If your requests or responses are big, compression can help decrease the amound of traffic over the network, which is often a good thing. If your requests and responses are small, compression often doesn't do anything. You should benchmark and see what works for you. The Snappy compressor that comes with cql-rb uses very little CPU, so most of the time it doesn't hurt to leave it on.
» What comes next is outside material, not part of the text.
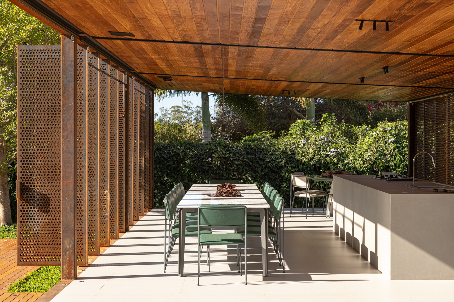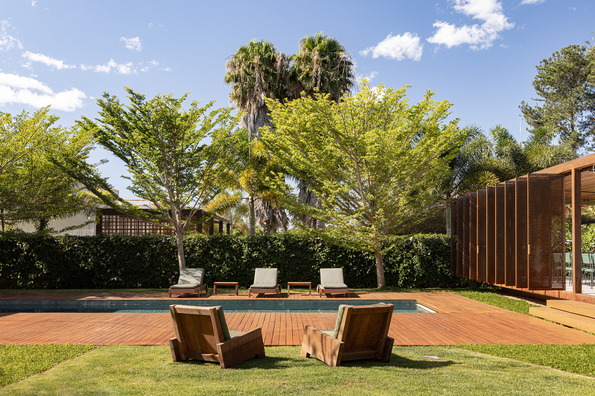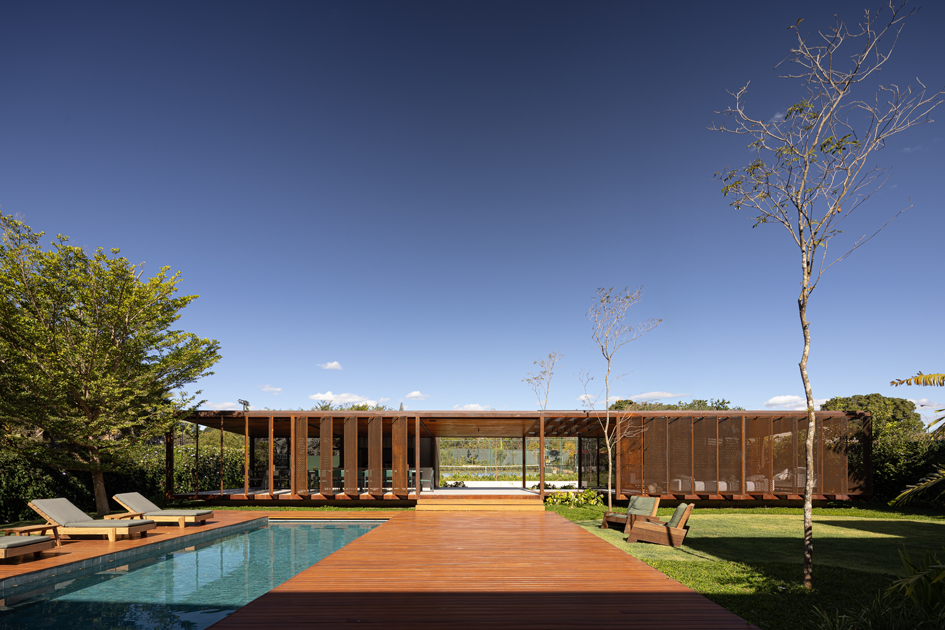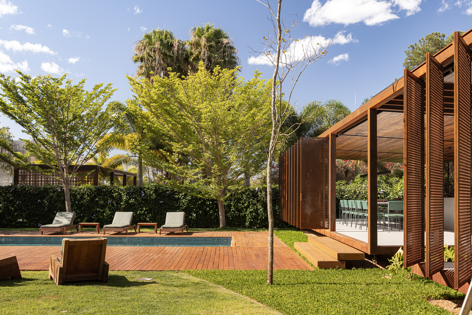 The building was named “Pavilhão Varanda” (Porch Pavilion), referencing a space commonly found in Brazilian homes, whether vernacular, colonial, or modern. In this context, the porch—a pleasant, open, and shaded area ideal for gatherings and leisure—was conceived as an autonomous structure. Positioned centrally on the property, the pavilion serves as a transition between the existing house, to which it connects via an expansive wooden deck with a swimming pool, and the large garden at the back.

In read-heavy applications requests are often small, and need no compression, but responses can be big. In these situations you can modify the compressor used to turn off compression for requests completely. The Snappy compressor that comes with cql-rb will not compress frames less than 64 bytes, for example, and you can change this threshold when you create the compressor.

Try experimental features

To get maximum performance you can't wait for a request to complete before sending the next. At it's core cql-rb embraces this completely and uses non-blocking IO and a completely asynchronous model for the request processing. The synchronous API that you use is just a thin façade on top that exists for convenience. If you need to scale to thousands of requests per second, have a look at the client code and look at the asynchronous core, it works very much like the public API, but using it they should be considererd experimental. Experimental in this context does not mean buggy, it is the core of cql-rb after all, but it means that you cannot rely on it being backwards compatible.

Changelog & versioning

Check out the releases on GitHub. Version numbering follows the semantic versioning scheme.

Private and experimental APIs, defined as whatever is not in the public API documentation will change without warning. If you've been recommended to try an experimental API by the maintainers, please let them know if you depend on that API. Experimental APIs will eventually become public, and knowing how they are used helps in determining their maturity.

Prereleases will be stable, in the sense that they will have finished and properly tested features only, but may introduce APIs that will change before the final release. Please use the prereleases and report bugs, but don't deploy them to production without consulting the maintainers, or doing extensive testing yourself. If you do deploy to production please let the maintainers know as this helps determining the maturity of the release.

Known bugs & limitations

  • JRuby 1.6 is not officially supported, although 1.6.8 should work, if you're stuck in JRuby 1.6.8 try and see if it works for you.
  • Windows is not supported (there is experimental support in the windows branch).
  • Large results are buffered in memory until the whole response has been loaded, the protocol makes it possible to start to deliver rows to the client code as soon as the metadata is loaded, but this is not supported yet.
  • There is no cluster introspection utilities (like the DESCRIBE commands in cqlsh) -- but it's not clear whether that will ever be added, it would be useful, but it is also something that another gem could add on top.
  • New features in v2 of the protocol are not supported -- this is planned and in progress

Also check out the issues for open bugs.

How to contribute

See CONTRIBUTING.md

Copyright

Copyright 2013–2014 Theo Hultberg/Iconara and contributors

Licensed under the Apache License, Version 2.0 (the "License"); you may not use this file except in compliance with the License You may obtain a copy of the License at

http://www.apache.org/licenses/LICENSE-2.0

Unless required by applicable law or agreed to in writing, software distributed under the License is distributed on an "AS IS" BASIS, WITHOUT WARRANTIES OR CONDITIONS OF ANY KIND, either express or implied. See the License for the specific language governing permissions and limitations under the License.